# Your objective
The entries below must be retyped exactly. Pictures are to be omitted.
--- Given records Enclosed Below ---
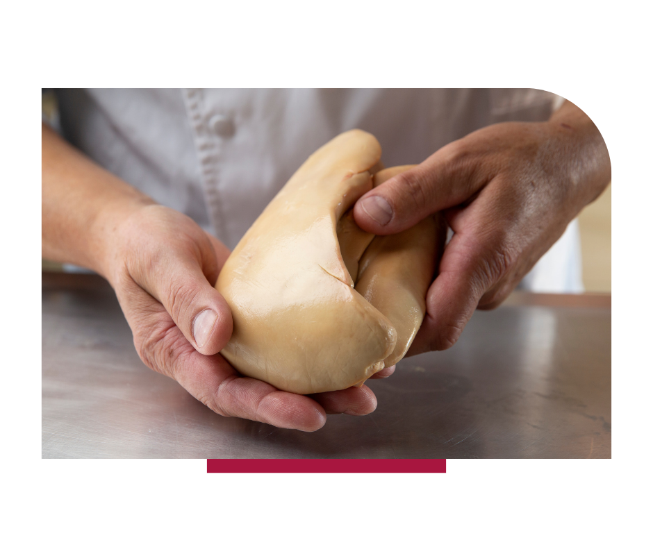 Nos préparateurs qualifiés réalisent avec soin le déveinage manuel ‘à chaud’ pour préserver l’intégrité du foie gras. Cette technique, qui exige une longue formation, consiste à retirer la veine principale sans déstructurer le foie, afin de garantir une matière intègre lors de votre remise en œuvre.
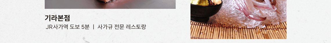 - 기라본점 : JR사가역 도보 5분 / 시가규 전문 레스토랑
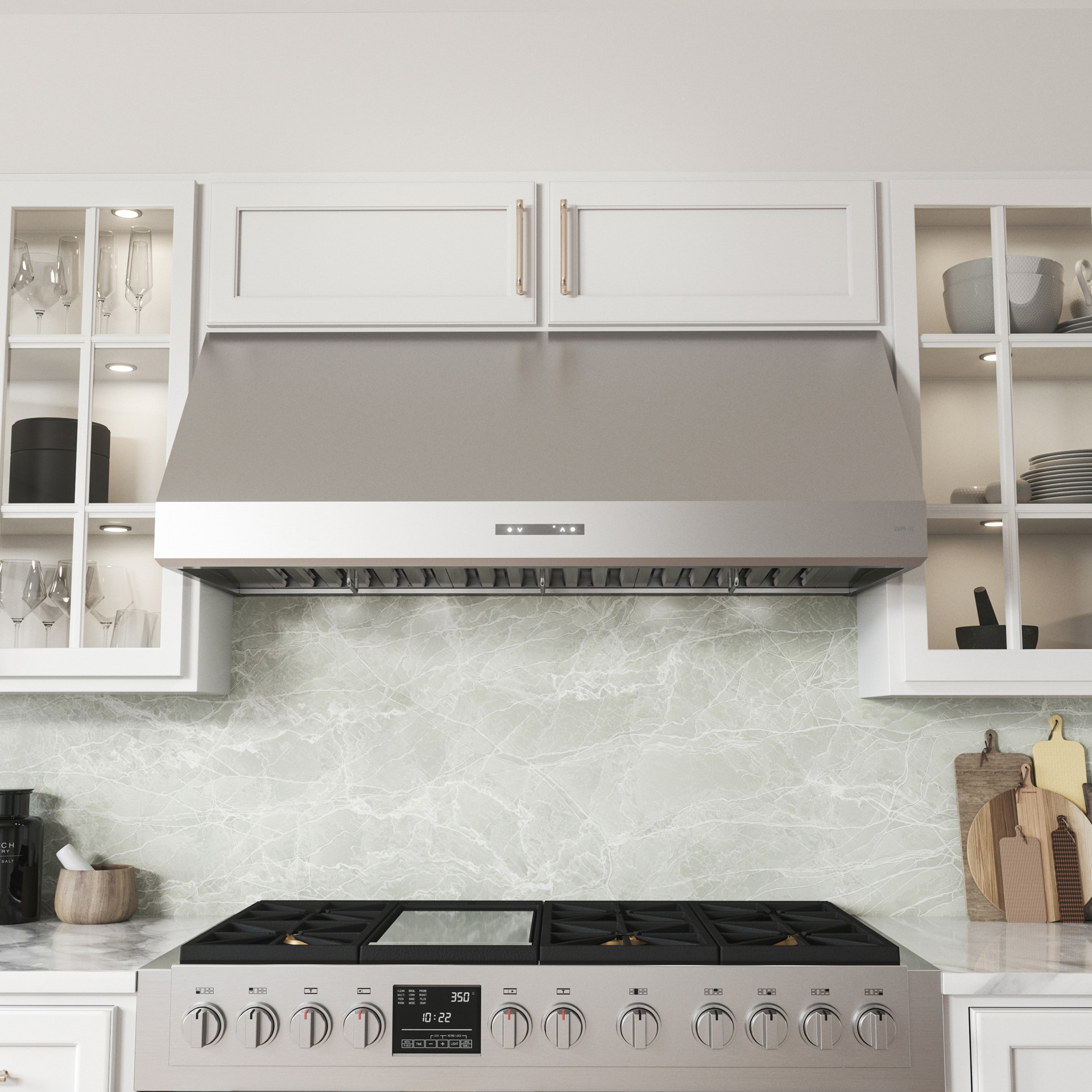 Control your hood from anywhere with your mobile device using the Zephyr Connect app. Access real-time diagnostics and product information, and connect with smart devices such as Amazon Alexa or Google Home speakers. Download the app today from the Apple App Store or Google Play.
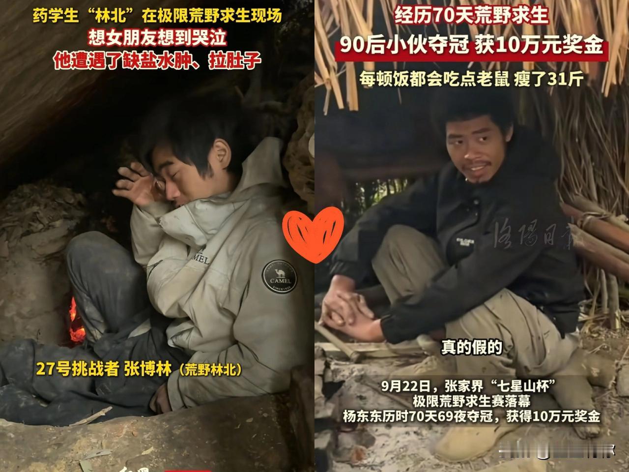 于知道了 为什么荒野求生决赛每人再加2万 每个人都不开心了,就连乐观的林北都抹眼泪! 赛事本就没时限,谁撑最久谁赢,之前就有选手靠抓老鼠、编渔篓硬扛70天 。现在多2万诱惑,已经熬了27天的人,哪舍得轻易放弃?可继续熬可能要到37天、47天,甚至过年,身体和心理都是煎熬。 这让我想起国外那比赛,有人打麝牛又猎黑熊,吃喝不愁像度假,另一个全靠硬挺,最后被节目组劝退。现在这2万,就是逼着选手选:是靠毅力硬扛,还是认怂早退? 奖金加码看似鼓励,实则把“坚持”变成了赌局。你们觉得这钱该加吗?换作是你会咬牙撑下去吗?荒野求生比赛
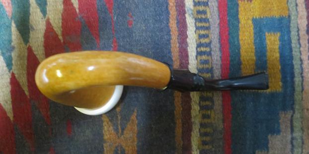 I took a close up photo of the meerschaum bowl. You can see the darkening from the lighting of the pipe and the scratches in the surface of the bowl top. The inside of the bowl is darkened. The second photo shows the underside of the bowl. It is also slightly darkened. Overall the bowl looks to be in decent shape.
--- End of Enclosed Given records ---
# Result of this exercise
 Nos préparateurs qualifiés réalisent avec soin le déveinage manuel ‘à chaud’ pour préserver l’intégrité du foie gras. Cette technique, qui exige une longue formation, consiste à retirer la veine principale sans déstructurer le foie, afin de garantir une matière intègre lors de votre remise en œuvre.
 - 기라본점 : JR사가역 도보 5분 / 시가규 전문 레스토랑
 Control your hood from anywhere with your mobile device using the Zephyr Connect app. Access real-time diagnostics and product information, and connect with smart devices such as Amazon Alexa or Google Home speakers. Download the app today from the Apple App Store or Google Play.
 于知道了 为什么荒野求生决赛每人再加2万 每个人都不开心了,就连乐观的林北都抹眼泪! 赛事本就没时限,谁撑最久谁赢,之前就有选手靠抓老鼠、编渔篓硬扛70天 。现在多2万诱惑,已经熬了27天的人,哪舍得轻易放弃?可继续熬可能要到37天、47天,甚至过年,身体和心理都是煎熬。 这让我想起国外那比赛,有人打麝牛又猎黑熊,吃喝不愁像度假,另一个全靠硬挺,最后被节目组劝退。现在这2万,就是逼着选手选:是靠毅力硬扛,还是认怂早退? 奖金加码看似鼓励,实则把“坚持”变成了赌局。你们觉得这钱该加吗?换作是你会咬牙撑下去吗?荒野求生比赛
 I took a close up photo of the meerschaum bowl. You can see the darkening from the lighting of the pipe and the scratches in the surface of the bowl top. The inside of the bowl is darkened. The second photo shows the underside of the bowl. It is also slightly darkened. Overall the bowl looks to be in decent shape.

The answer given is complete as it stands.